What you are asked to do -
Below are records; copy every line among them that contains the word "from".

Excerpted data -
....

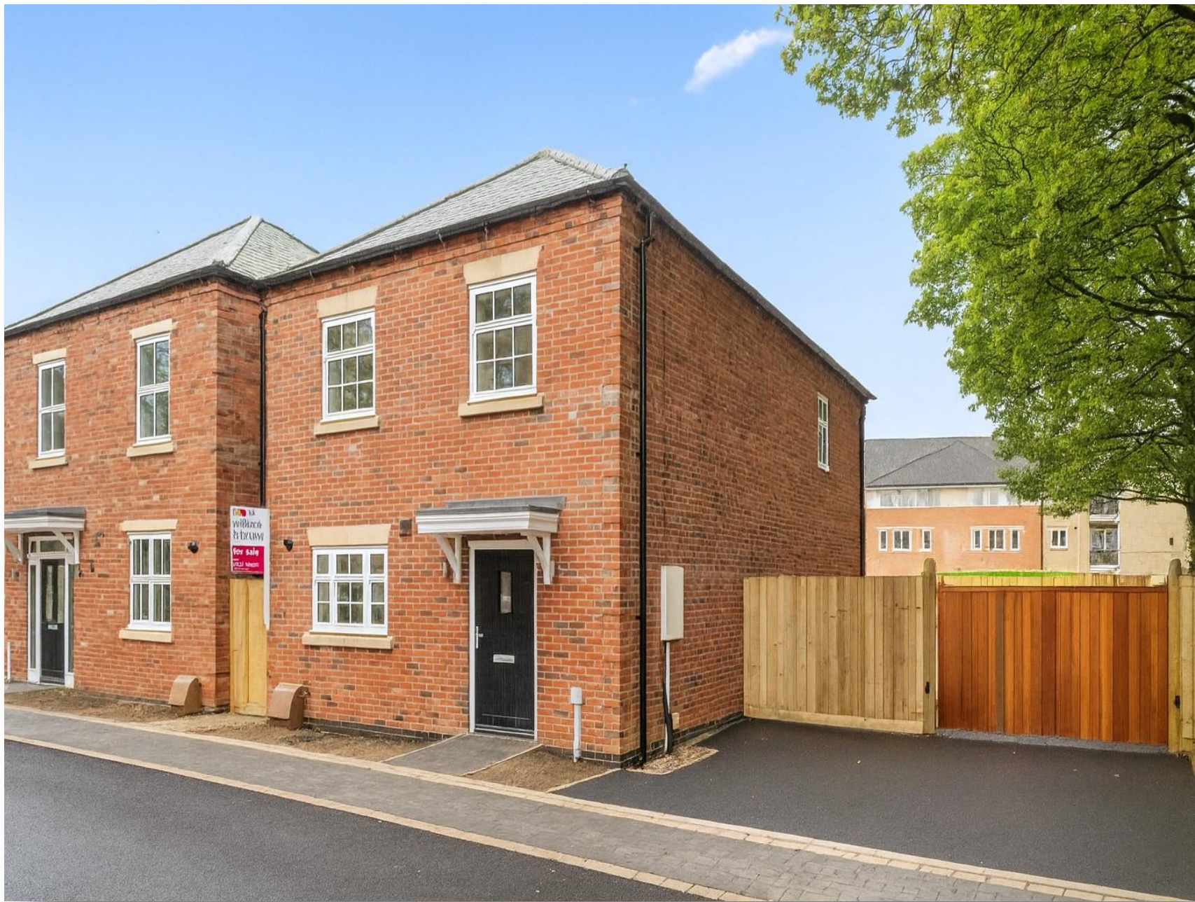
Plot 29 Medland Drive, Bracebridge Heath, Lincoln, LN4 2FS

....

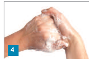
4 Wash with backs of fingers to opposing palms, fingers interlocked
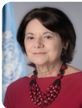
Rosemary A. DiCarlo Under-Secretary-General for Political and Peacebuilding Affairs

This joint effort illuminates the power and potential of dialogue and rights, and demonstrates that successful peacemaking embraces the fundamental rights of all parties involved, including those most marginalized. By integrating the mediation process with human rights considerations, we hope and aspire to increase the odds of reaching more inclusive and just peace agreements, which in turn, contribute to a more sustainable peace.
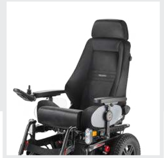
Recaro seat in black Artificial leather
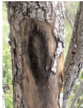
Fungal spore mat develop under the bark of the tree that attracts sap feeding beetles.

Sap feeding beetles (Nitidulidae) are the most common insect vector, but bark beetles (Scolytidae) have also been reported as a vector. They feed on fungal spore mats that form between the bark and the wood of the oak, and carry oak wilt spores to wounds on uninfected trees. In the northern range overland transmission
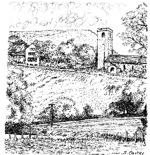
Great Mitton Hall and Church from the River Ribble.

....

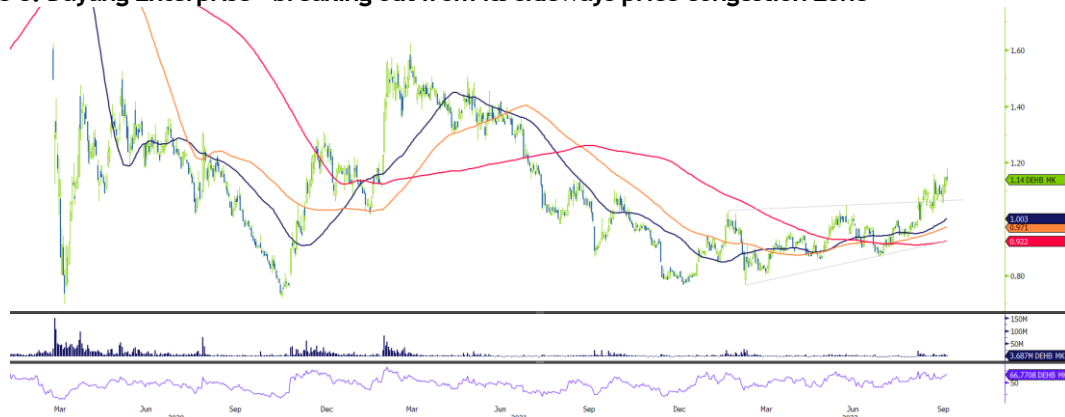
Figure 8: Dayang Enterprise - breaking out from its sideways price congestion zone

....

Answer section -
Great Mitton Hall and Church from the River Ribble.
Figure 8: Dayang Enterprise - breaking out from its sideways price congestion zone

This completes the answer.